A few months back, Michael Sam, an All-American defensive lineman from the University of Missouri, publicly revealed that he's gay. Sams was later drafted by the St. Louis Rams, becoming the first openly gay player drafted by the National Football League.
Recently, Raven Symone, who we first came to know and love as little Olivia on the Cosby show, did something quite courageous. Raven made comments that have been called shocking and that some feel are divisive.
No, I'm not talking about the tweet she famously sent out on August 2, 2013, which all but came right out and said that she was gay. That quote from Twitter said, "I can finally get married! Yay government! So proud of you". The tweet was widely considered to be in reference to the Supreme Court's decision to overturn The Defense of Marriage Act.
As I said, that's not what I'm talking about. Rather, a few days back, in an interview with Oprah Winfrey, Raven made some comments that I think are even more courageous. First, she said that the famous tweet was not her way of "coming out" but rather her way of saying she was proud of her country. OK, that could just be semantics, but what she said next made Oprah jump and yell facetiously, "Stop tape, right now!"
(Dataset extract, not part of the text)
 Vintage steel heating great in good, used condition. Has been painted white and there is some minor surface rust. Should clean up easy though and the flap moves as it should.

Raven was making a statement about labels when she said that she didn't want to be labeled gay, and explained that she wanted to be labeled a human who loves humans. She went on to say, "I'm an American; I'm not an African American. I'm an American."
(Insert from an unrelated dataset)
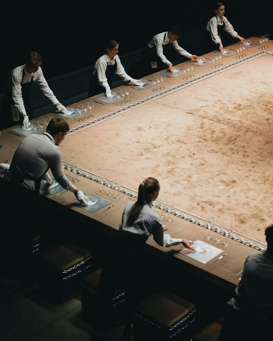 Кольцевидная рассадка — фаворит камерных свадеб. Все видят друг друга, никто не выпадает из общей энергии. Это действительно работает на сближение и создает ощущение общей компании, особенно если гостей немного.

Oprah may have been tongue-in-cheek with her shocked reaction to the statements, but I'm sure she was voicing the opinion of some others.
In a day when people are labeled as heroes for coming out with their sexuality and others proclaim their race with a hyphen: Irish-American, African-American, Italian-American; I find it somewhat refreshing to hear someone say that they are just a human and an American. I see Raven's statements as being very freeing and inclusive.
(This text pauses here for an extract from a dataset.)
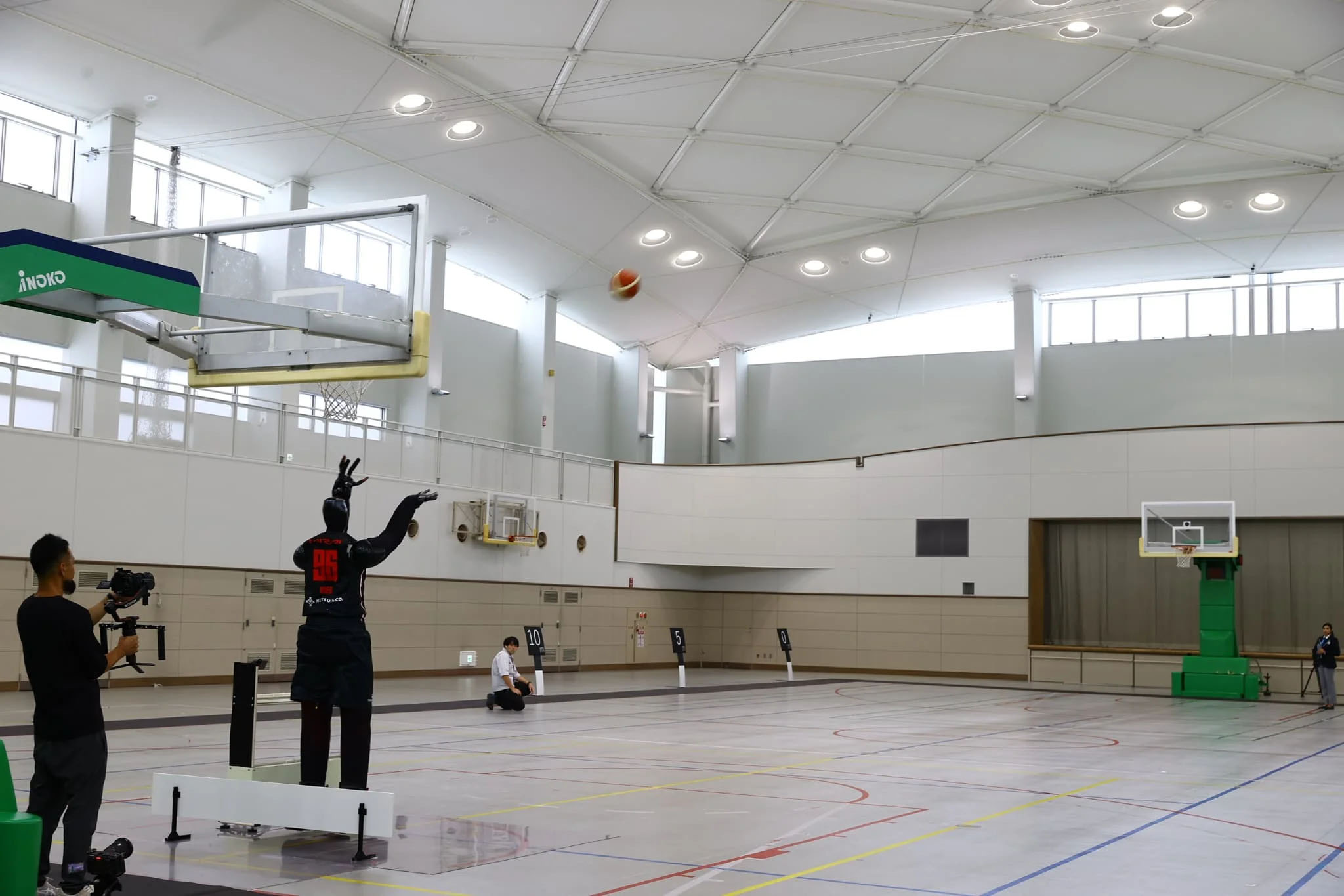 プロジェクトメンバーが調整を施したCUE6は、そのまま2投目に臨む。そして、1投目とまったく同じに見えるモーションで放たれたボールは、吸い込まれるように内径45cmのリングをくぐり抜けた。

People like to label or categorize other people, and that's understandable. Despite what they say, everyone does it. Some people use it as a way to divide others into groups. Us and them. Others, and I would venture to say, perhaps more "evolved" human beings, just use it as a way to know and understand others.
Many of you know that, in my full time job, I work with troubled boys. There are a lot of issues floating around some of these boys at any given time. Some of them have struggled with being gay in a straight world. Believe me, struggled may be an understatement. I've known kids who have been kicked out of their families, even physically attacked at family gatherings, simply for being "different." It breaks my heart. I cannot imagine hating one of my own children for any reason.
I have had friends and relatives of many, if not most, races, religions, beliefs, and sexual orientations. As I have grown as a human being, I have become more open and accepting of these differences and found that most of these people have something valuable to offer to a relationship. I've learned a lot from them, all the way from changing my views on former beliefs, to solidifying others. I heard one of my favorite preachers once say, "If two people agree on everything, one of them is not needed." While I often wish my wife and I agreed on more things, it is our differences that keep our lives interesting.
I challenge you to find a way to embrace, or at least tolerate, the differences in others. After all, you are different too. Or, as Raven Symone might say, "I am different, and that's what makes me normal."